If that's not the case, the mail transfer agent is broken. I think it's
better to go ahead and use the mesage-id, rather than concoct
yet another "this time we mean it!" unique identifier. This is a
cost/benefit thing; the cost is some real world collisions, the benefit
is a conceptually simpler system. Conceptually simpler things are
good especially when implemented all over the place.
Which brings me to suggestion #2, which is go ahead and write
an RFC on how list servers should embed archival links in messages.

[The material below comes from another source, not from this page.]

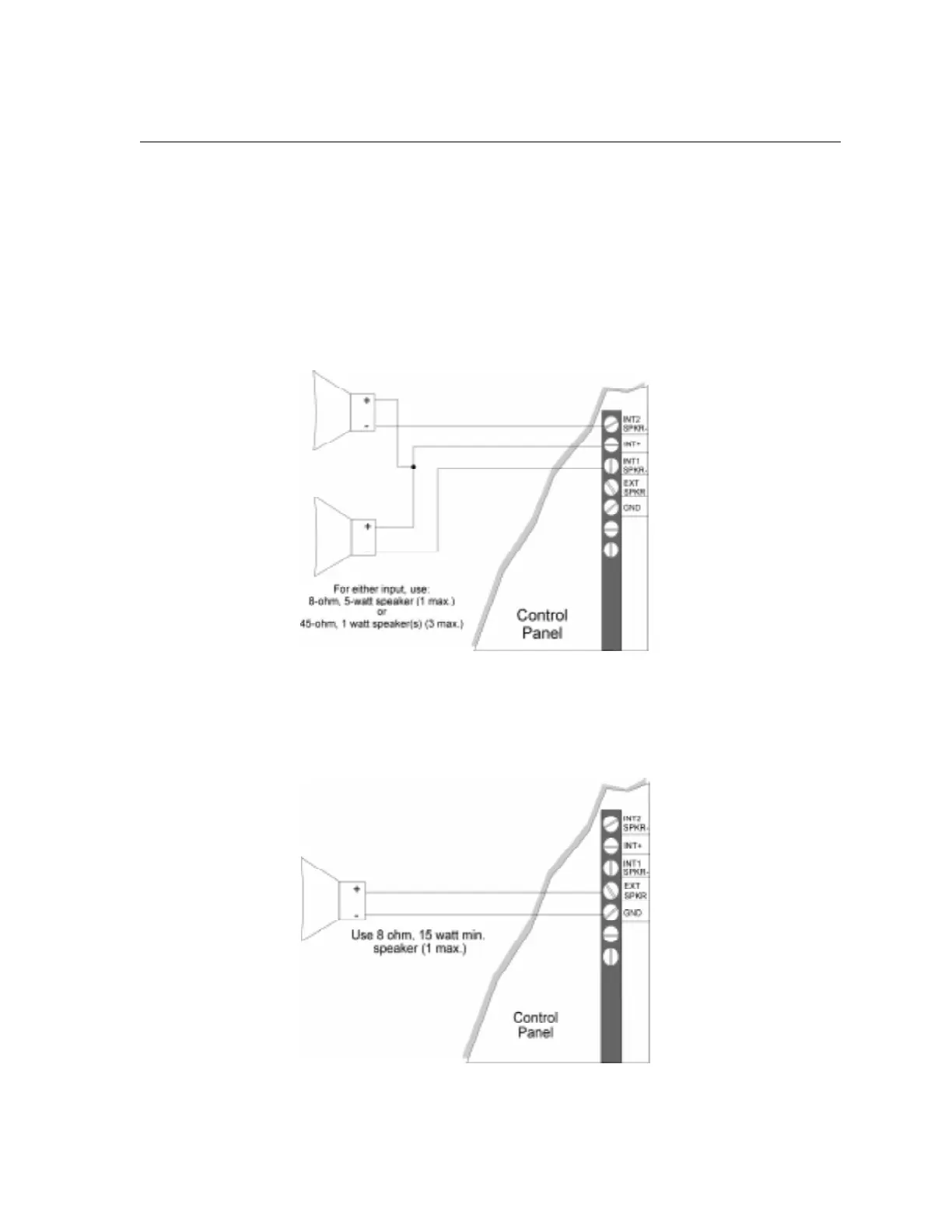 Each internal speaker output can accept one 8 ohm, 5 watt speaker or three 45-ohm, 1 watt

This sounds like an internet wide interoperability issue as much as
something mailman specific. Why not come up with a scheme usable
by all list servers? And also describe a specification third party archival
services can comply to. Besides, I've always wanted to help write
an RFC. If we go that route, it would be good to get input from a range
of people - one person I'd suggest is Earl Hood, author of mhonarc.
While I'm almost tempted to ignore a
> hit rate that low, if you think of an archive holding 1B messages,
> you still get a lot of duplicates.
> OTOH, the rate goes down even lower if you consider the message-id
> and date headers. (Note, I did not consider messages missing a date
> header). How likely is it that two messages with the same message-id
> and date are /not/ duplicates? Heck, at that point, I'd feel
> justified in simply automatically rejecting the duplicate and
> chucking it from the archive.
> I spent a /little/ time looking at the physical messages that ended
> up as true collisions. Though by no means did I look at them all,
> they all looked related. For example, with strategy 2 some messages
> look like they'd been inadvertently sent before they were completed.
> I need to see if there's any similarities in MUA behind these, but
> again, I think we might be able to safely assume that collisions on
> message-id+date can be ignored.
> That leads me to the following proposal, which is just an elaboration
> on Stephen's. First, all messages live in the same namespace; they
> are not divided by target mailing list. Each message has two
> addresses, one is the Message-ID and one is the base32 of the sha1
> hash of the Message-ID + Date. As Stephen proposes, Mailman would
> add these headers if an incoming message is missing them, and tough
> luck for the non-list copy. The nice thing is that RFC 2822 requires
> the Date header and states that Message-ID SHOULD be present.
> Why the second address? First, it provides as close to a guaranteed
> unique identifier as we can expect, and second because it produces a
> nearly human readable format. For example, Stephen's OP would have a
> second address of
> >>> mid
> '<87myycy5eh.fsf at uwakimon.sk.tsukuba.ac.jp>'
> >>> date
> 'Wed, 04 Jul 2007 16:49:58 +0900'
> >>> # XXX perhaps strip off angle brackets
> >>> h = hashlib.sha1(mid)
> >>> h.update(date)
> >>> base64.b32encode(h.digest())
> I like base32 instead of base64 because the more limited alphabet
> should produce less ambiguous strings in certain fonts and I don't
> think the short b64 strings are short enough to justify the
> punctuation characters that would result. While RFC 3548 specifies
> the b32 alphabet as using uppercase characters, I think any service
> that accepts b32 ids should be case insensitive. A really Postel-y
> service could even accept '1' for 'I' and '0' for 'O' just to make it
> more resilient to human communication errors.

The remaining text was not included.